У противоположной стены разместилась «Галерея Мастерства». По моей просьбе Илья и Степан несколько недель трудились над созданием точных копий популярных в свете, но безвкусных украшений. Теперь в витринах соседствовали два почти идентичных предмета. Слева, под табличкой «Шаблон», – копия. Справа, под табличкой «Воплощение», – тот же дизайн, но исполненный нами. Тот же камень, но с идеальной огранкой. Та же форма, но с безупречной полировкой, облегченной оправой и более детализированной. Разница была колоссальной. Один предмет был мертвой, хотя и дорогой вещью. Другой – дышал, играл светом, жил. Это было наглядное пособие, доказывающее, что имя мастера уже говорит само за себя.
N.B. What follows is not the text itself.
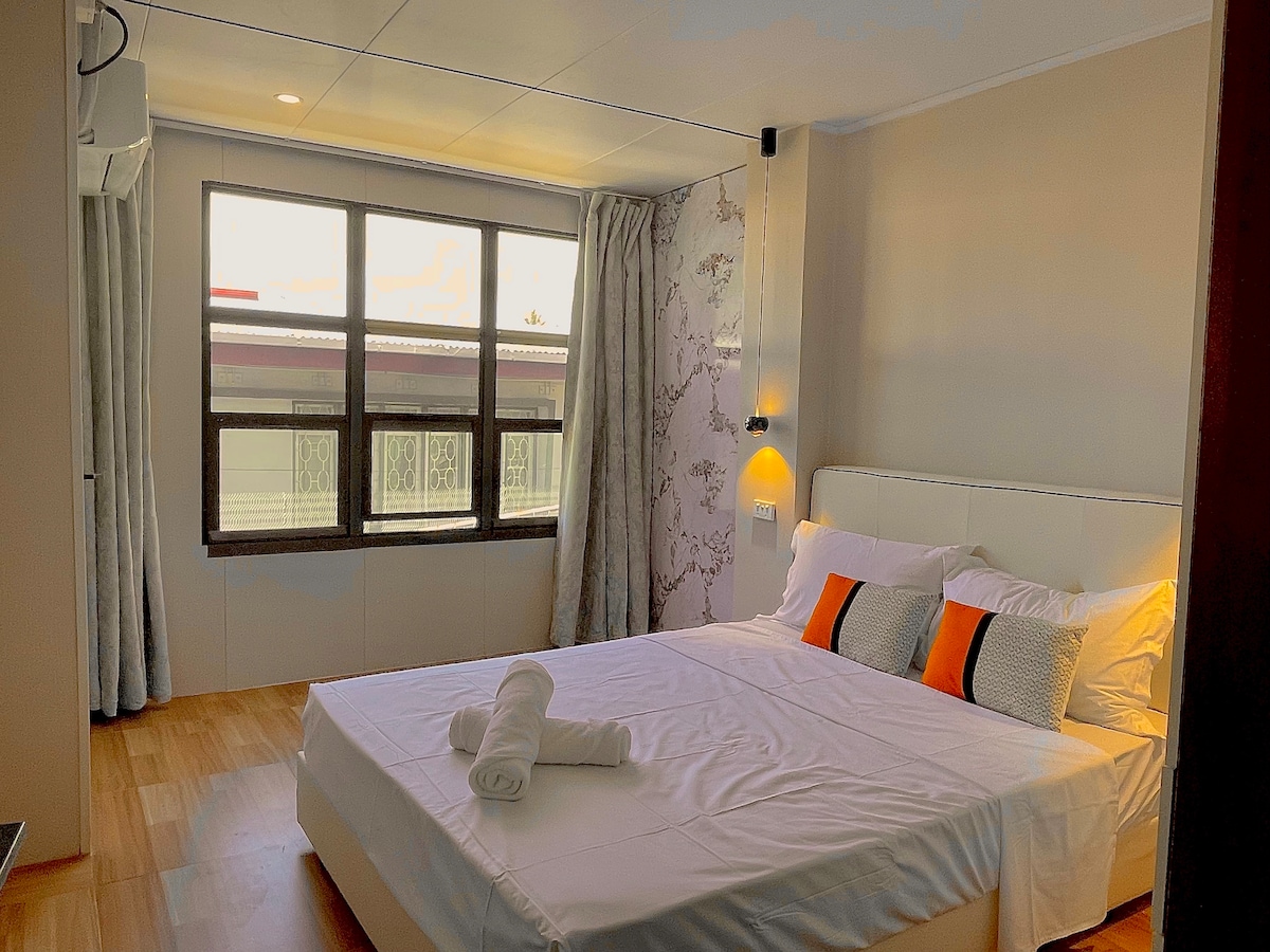 这可能是您在楠迪获得的最优质的现代2卧室公寓。 房源设有3间空调卧室以及带空调的客厅,3间卧室均配备加大双人床。其中1间卧室设有独立卫生间,还有一间公共卫生间,第三间卧室配有一张双人床。 房源设有休息室、开放式餐厅和厨房。 配备烹饪设施。 电器包括电饭煲、微波炉、冰箱、电水壶。一共可容纳6人同时入住。步行3分钟到达麦当劳(麦当劳营业时间早上7点-晚上12点) 开车15分钟即可抵达机场/Denarau , 2分钟可达电影院、市中心。 我们的公寓所有床品保证一客一换,我们有专业清洗床品的工厂。

В глубине зала открывалась широкая, витая лестница из дуба, ведущая на второй этаж. Там, за огромной стеклянной стеной, располагалась святая святых – мастерская. Я намеренно сделал ее видимой. Любой гость мог подняться по лестнице и с галереи второго этажа, как из театральной ложи, наблюдать за таинством рождения шедевра: видеть сосредоточенные лица мастеров, блеск инструментов, огонь в горне. Моей целью было показать высочайшее ремесло, граничащее с искусством.
Когда последние штрихи были нанесены, я собрал свою команду. Варвара Павловна, Ефимыч с его солдатами, Илья, Степан и Прошка. Они стояли посреди зала, озираясь с благоговейным молчанием. Они видели, как все это росло, но только сейчас осознали, что именно я создал.
– Вот, – сказал я, мой голос разнесся под высокими сводами. – Это наш дом. Наша крепость. И наше оружие. С завтрашнего дня Петербург узнает, что ювелирное искусство – это наука, а не торговля побрякушками.
За день до открытия я совершил самую отчаянную ставку в своей новой жизни. Вместо того чтобы рассылать сотни приглашений, пытаясь согнать в свой дом пеструю толпу, я отправил только одно. С курьером, прямиком в Гатчинский дворец. На плотном листе голландской бумаги каллиграфическим почерком Варвары Павловны было выведено всего несколько строк: «Ваше Императорское Величество, осмелюсь просить Вас освятить своим присутствием рождение нового русского искусства. Ваш покорный слуга, мастер Григорий».
Переписывая послание, Варвара Павловна смотрела на меня как на безумца. И была права. Мальчишка-ремесленник, без году неделя обласканный двором, приглашал на открытие своей лавки саму Вдовствующую императрицу. Дерзкий поступок на грани фола. Либо я взлетал на самую вершину, либо меня стирали в порошок за неслыханную наглость.
В день открытия я не устраивал приема с шампанским. На втором этаже размесились музыканты. Полилась спокойная расслабляющая музыка. Ничего, дойдут руки и д музыкального автоматона.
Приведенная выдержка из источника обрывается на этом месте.